• Assigned task: A verbatim transcript of the data below is required, images omitted.

• Exercise data:
*** Begin section ***

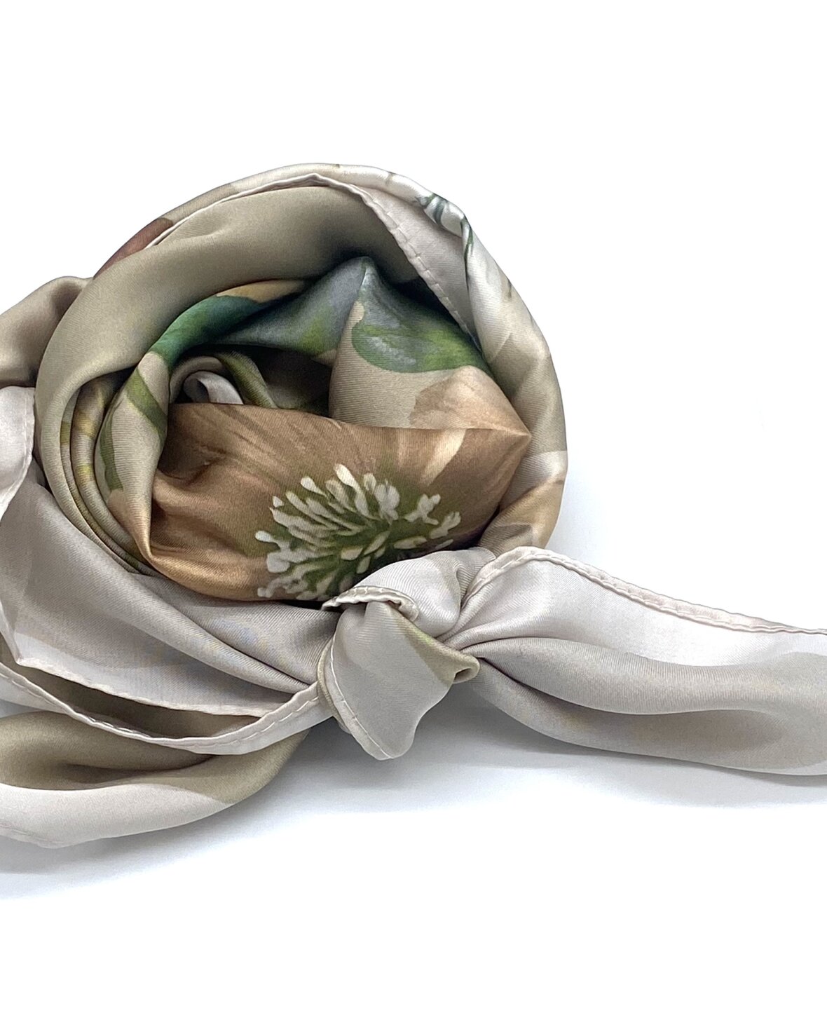 TØRKLÆDE B28-0084 - Just d`lux er et smukt mønstret tørklæde i en lækker blød polyester. Kan bruges rundt om halsen eller ved hanken på din yndlingstaske.
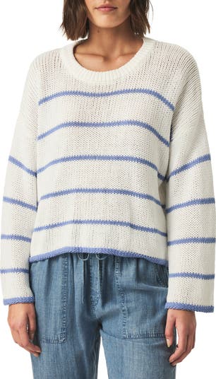Loosely knit for a breezy feel, this cotton-blend sweater features beachy stripes, bell sleeves and a boxy, slightly cropped silhouette.
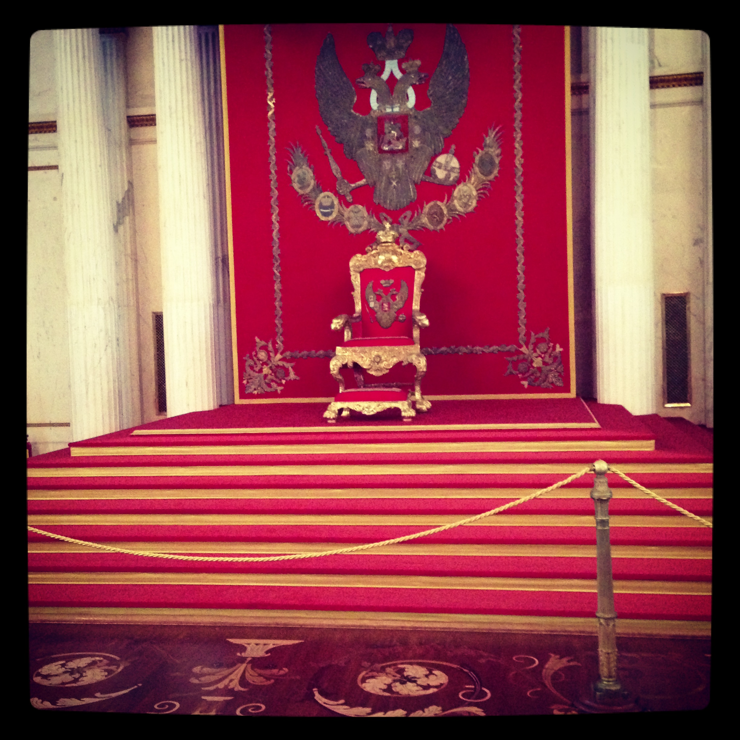 Der Kaiserthron steht ebenfalls prunkvoll strahlend in rot mit dem Wappen der Romanows in der St. George´s Hall.
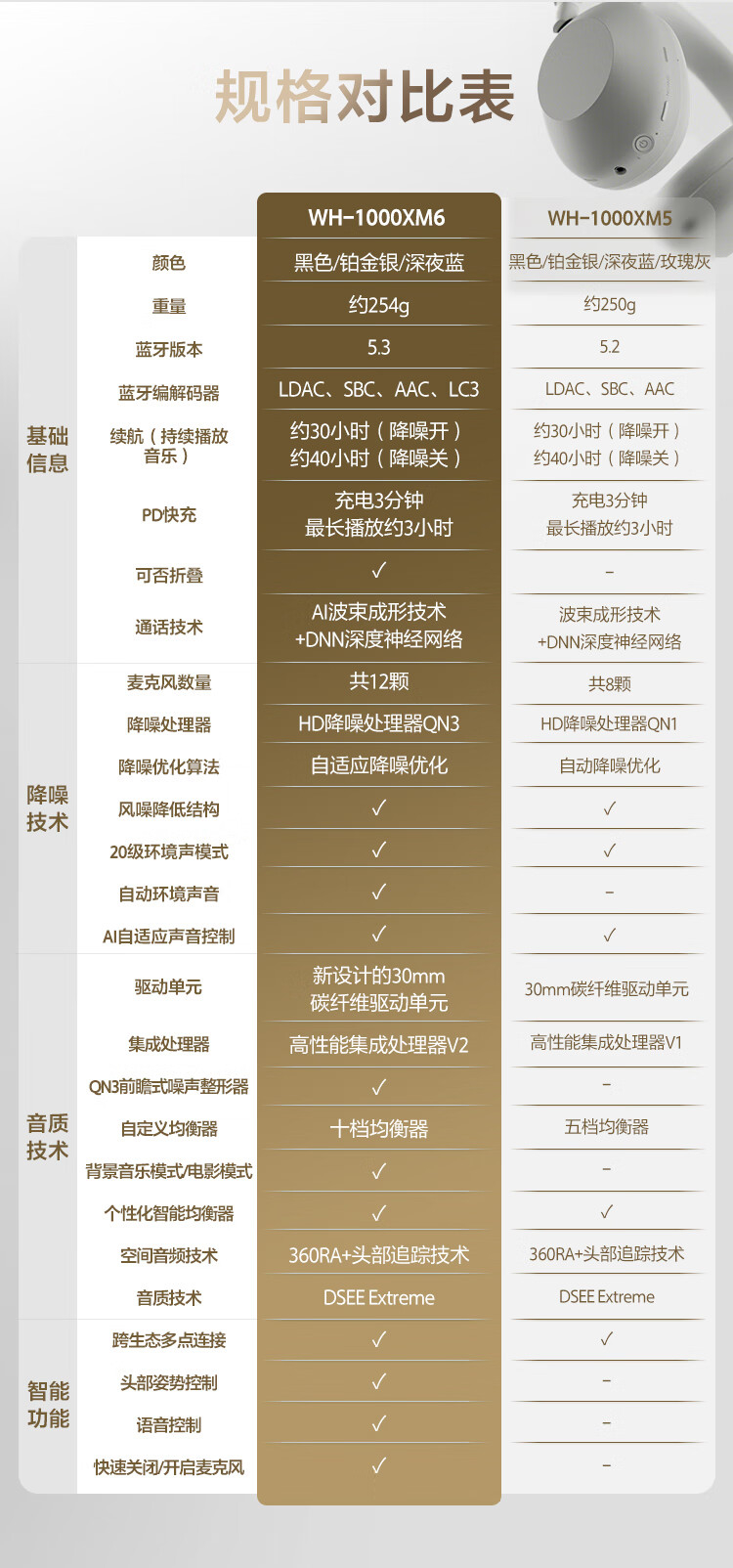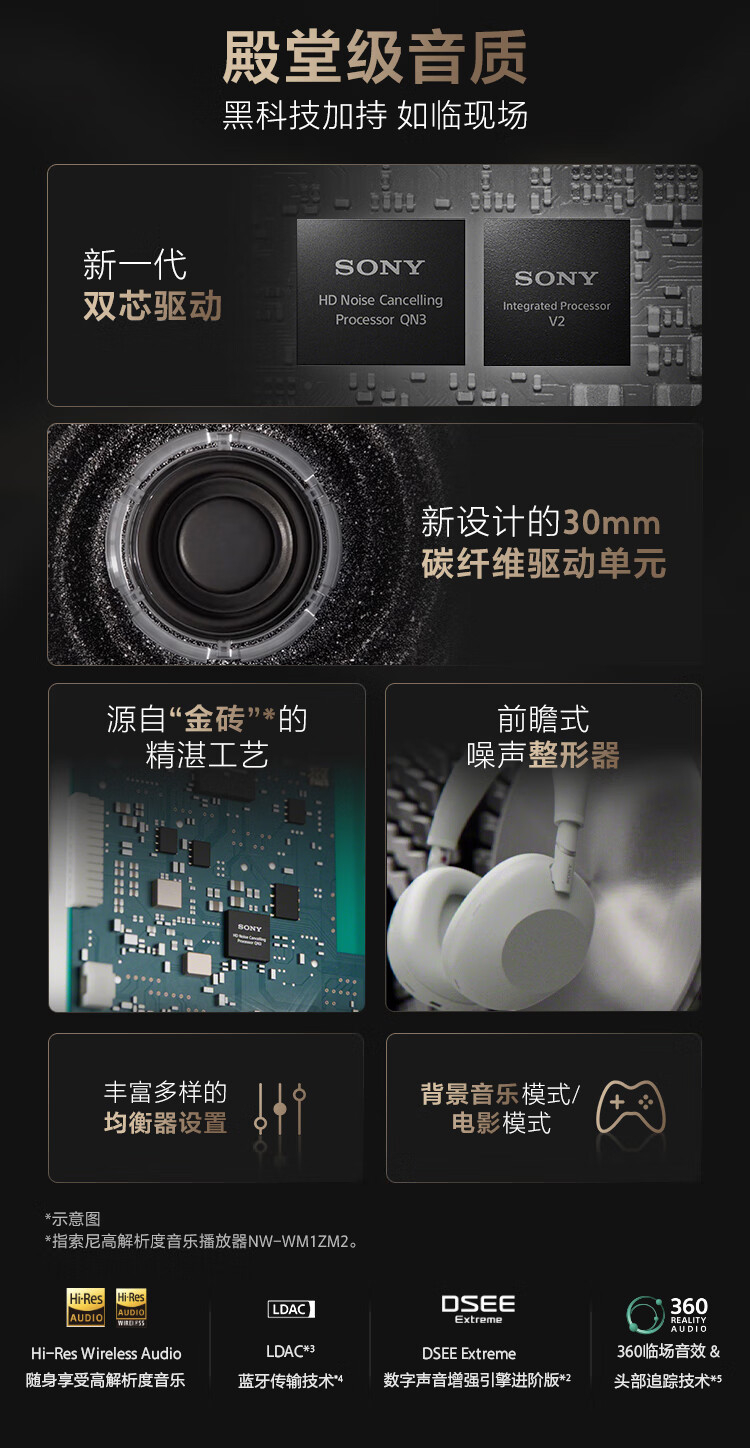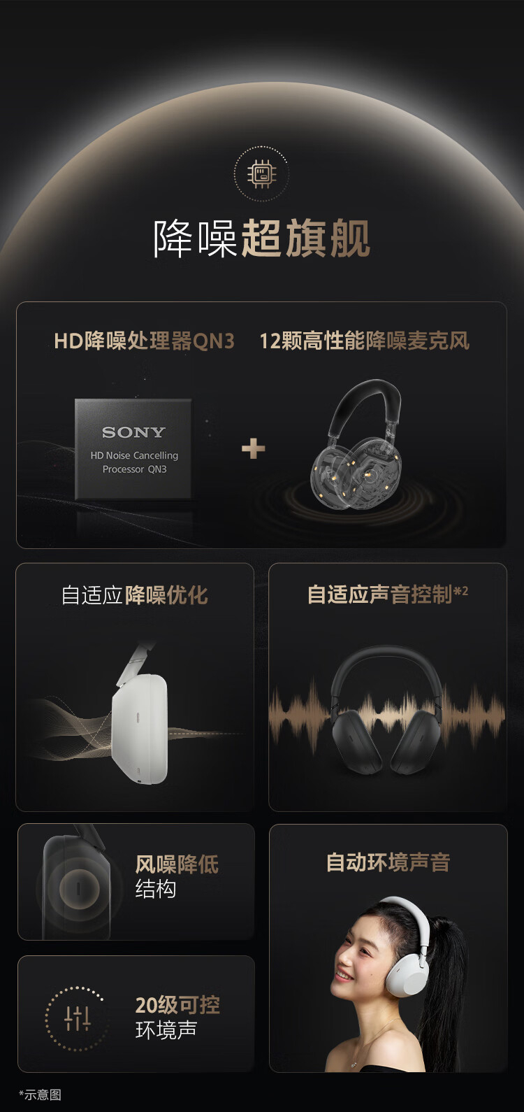 索尼(SONY)WH-1000XM6 头戴式无线降噪耳机 AI智能降噪

*** End section ***

• Output of the task:
 TØRKLÆDE B28-0084 - Just d`lux er et smukt mønstret tørklæde i en lækker blød polyester. Kan bruges rundt om halsen eller ved hanken på din yndlingstaske.
Loosely knit for a breezy feel, this cotton-blend sweater features beachy stripes, bell sleeves and a boxy, slightly cropped silhouette.
 Der Kaiserthron steht ebenfalls prunkvoll strahlend in rot mit dem Wappen der Romanows in der St. George´s Hall.
 索尼(SONY)WH-1000XM6 头戴式无线降噪耳机 AI智能降噪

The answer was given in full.